We hypothesized that there are pharmacogenetic interactions between GSNOR and beta2AR gene variants that are associated with variable response to albuterol.
We performed family-based analyses to test for association between GSNOR gene variants and asthma and related phenotypes in 609 Puerto Rican and Mexican families with asthma. In addition, we tested these individuals for pharmacogenetic interaction between GSNOR and beta2AR gene variants and responsiveness to albuterol using linear regression. Cell transfection experiments were performed to test the potential effect of the GSNOR gene variants.
Among Puerto Ricans, several GSNOR SNPs and a haplotype in the 3'UTR were significantly associated with increased risk for asthma and lower bronchodilator responsiveness (P=0.04-0.007). The GSNOR risk haplotype affects expression of GSNOR mRNA and protein, suggesting a gain of function. Furthermore, gene-gene interaction analysis provided evidence of pharmacogenetic interaction between GSNOR and beta2AR gene variants and the response to albuterol in Puerto Rican (P=0.03), Mexican (P=0.15) and combined Puerto Rican and Mexican asthmatics (P=0.003). Specifically, GSNOR+17059beta2AR+46 genotype combinations (TG+GGAG and TG+GG*GG) were associated with lower bronchodilator response.

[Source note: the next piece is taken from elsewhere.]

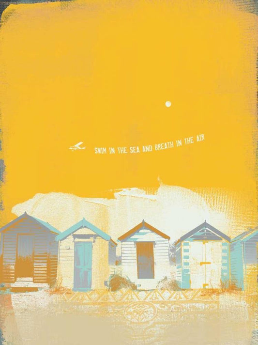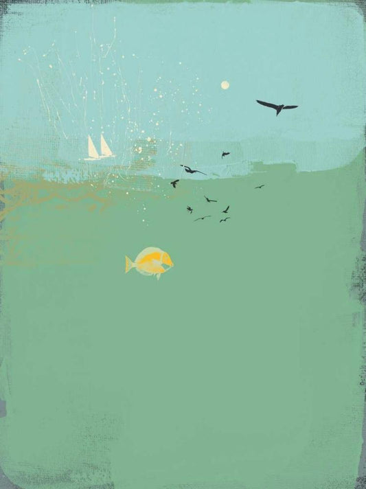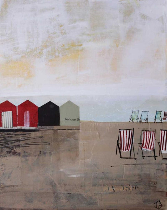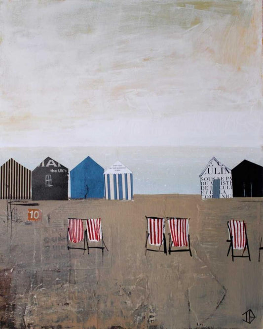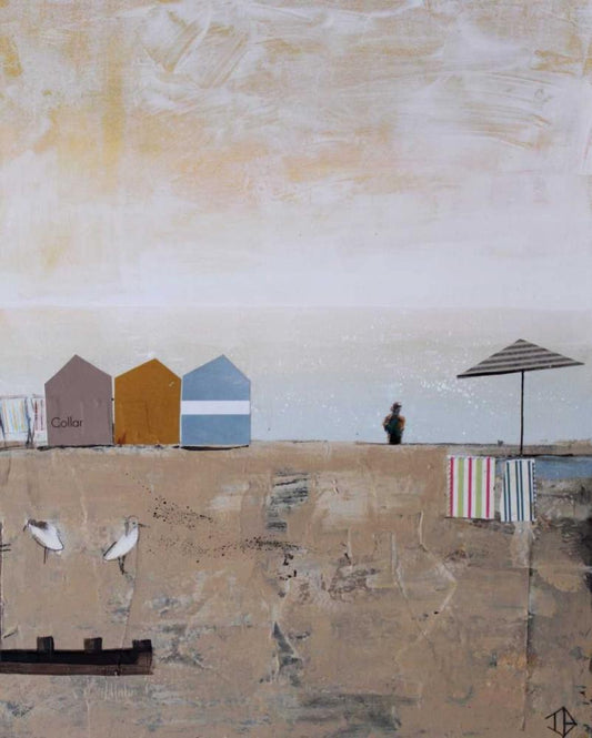 Beach Fun White Modern Wood Framed Art Print with Double Matting by P.S. Art Studios

Genotyping of GSNOR and beta2AR genes may be useful in identifying Latino individuals, who might benefit from adjuvant therapy for refractory asthma.
短效吸入型β2 受体激动剂如沙丁胺醇,用于支气管扩张,是全球哮喘治疗的基石。不仅个体之间,而且不同种族/族群之间,对沙丁胺醇的支气管扩张反应存在显著差异。β2 肾上腺素能受体(β2AR)是β2 激动剂药物的靶标。调节内源性支气管扩张剂 S-亚硝基谷胱甘肽水平的酶 S-亚硝基谷胱甘肽还原酶(GSNOR)已被证明可调节对β2 激动剂的反应。
我们假设 GSNOR 和β2AR 基因变异之间存在药物遗传学相互作用,这些相互作用与对沙丁胺醇的可变反应有关。
我们对 609 个有哮喘的波多黎各和墨西哥家族进行了基于家庭的分析,以测试 GSNOR 基因变异与哮喘和相关表型之间的关联。此外,我们使用线性回归测试了 GSNOR 和β2AR 基因变异与沙丁胺醇反应之间的药物遗传学相互作用。细胞转染实验用于测试 GSNOR 基因变异的潜在影响。
在波多黎各人中,3'UTR 中的几个 GSNOR SNPs 和单倍型与哮喘风险增加和支气管扩张反应降低显著相关(P=0.04-0.007)。GSNOR 风险单倍型影响 GSNOR mRNA 和蛋白的表达,表明获得功能。此外,基因-基因相互作用分析提供了证据表明,GSNOR 和β2AR 基因变异与波多黎各人(P=0.03)、墨西哥人(P=0.15)和波多黎各和墨西哥合并哮喘患者(P=0.003)对沙丁胺醇的反应之间存在药物遗传学相互作用。具体而言,GSNOR+17059β2AR+46 基因型组合(TG+GGAG 和 TG+GG*GG)与较低的支气管扩张反应相关。
GSNOR 和β2AR 基因的基因分型可能有助于识别可能受益于难治性哮喘辅助治疗的拉丁裔个体。